After initial measurement, debt instruments at amortised cost are subsequently measured at amortised cost using the effective interest rate method, less impairment, if any.
- Financial assets at fair value through Other Comprehensive Income (FVOCI)
A financial asset is subsequently measured at fair value through other comprehensive income if it is held within a business model whose objective is achieved by both collecting contractual cash flows and selling financial assets and the contractual terms of the financial asset give rise on specified dates to cash flows that are solely payments of principal and interest on the principal amount outstanding.
On initial recognition of an equity investment that is not held for trading, the Company may irrevocably elect to present subsequent changes in the investment’s fair value in OCI (designated as FVOCI - equity investment).
- Financial assets at fair value through Profit or Loss (FVTPL)

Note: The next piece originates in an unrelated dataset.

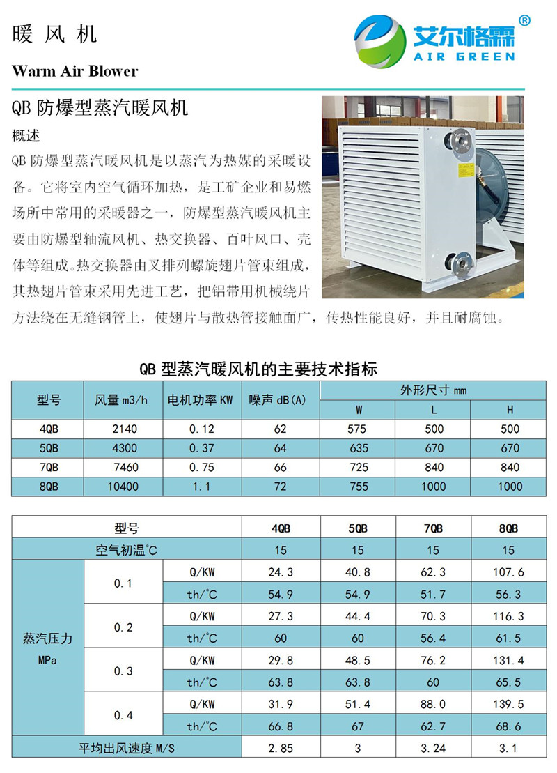 Q-B防爆型蒸汽暖風(fēng)機(jī)是在普通型蒸汽暖風(fēng)機(jī)基礎(chǔ)上的延伸產(chǎn)品。采用BT35-11防爆型軸流風(fēng)機(jī),適合煤礦、化工等特殊行業(yè)。

Financial assets which are not classified in any of the above categories are subsequently fair valued through profit or loss.
(c) De-recognition
The Company derecognizes a financial asset when the contractual rights to the cash flows from the financial asset expire or it transfers the financial asset and the transfer qualifies for de-recognition under Ind AS 109.
(d) Impairment
The Company recognizes loss allowances using the Expected Credit Loss (ECL) model for the financial assets which are not fair valued through Profit and Loss / OCI. Loss allowance for trade receivables with no significant financing component is measured at an amount equal to lifetime ECL. For all other financial assets, expected credit losses are measured at an amount equal to the 12-month ECL, unless there has been a significant increase in credit risk from initial recognition in which case those are measured at lifetime ECL. The amount of expected credit losses (or reversal) that is required to adjust the loss allowance at the reporting date to the amount that is required to be recognised is treated as an impairment gain or loss in Statement of Profit and Loss.
(ii) Financial Liabilities
(a) Initial recognition and measurement
The Company’s financial liabilities include trade and other payables, loans and borrowings including bank overdrafts, financial guarantee contracts and derivative financial instruments.
Financial liabilities are classified, at initial recognition, as at fair value through profit and loss or as those measured at amortised cost.
(b) Subsequent measurement
The subsequent measurement of financial liabilities depends on their classification as follows:
- Financial liabilities at fair value through Profit and Loss
Financial liabilities at fair value through profit and loss include financial liabilities held for trading. The Company has not designated any financial liabilities upon initial recognition at fair value through profit and loss.
- Financial liabilities measured at Amortised Cost
After initial recognition, interest bearing loans and borrowings are subsequently measured at amortised cost using the effective interest rate method except for those designated in an effective hedging relationship.
(c) De-recognition
A financial liability (or a part of a financial liability) is derecognized from the Company’s balance sheet when the obligation specified in the contract is discharged or cancelled or expires.
q) Segment reporting
Operating Segments are identified based on monitoring of operating results by the Chief Operating Decision Maker (CODM) separately for the purpose of making decisions about resource allocation and performance assessment. Segment performance is evaluated based on profit or loss and is measured consistently with profit or loss of the Company.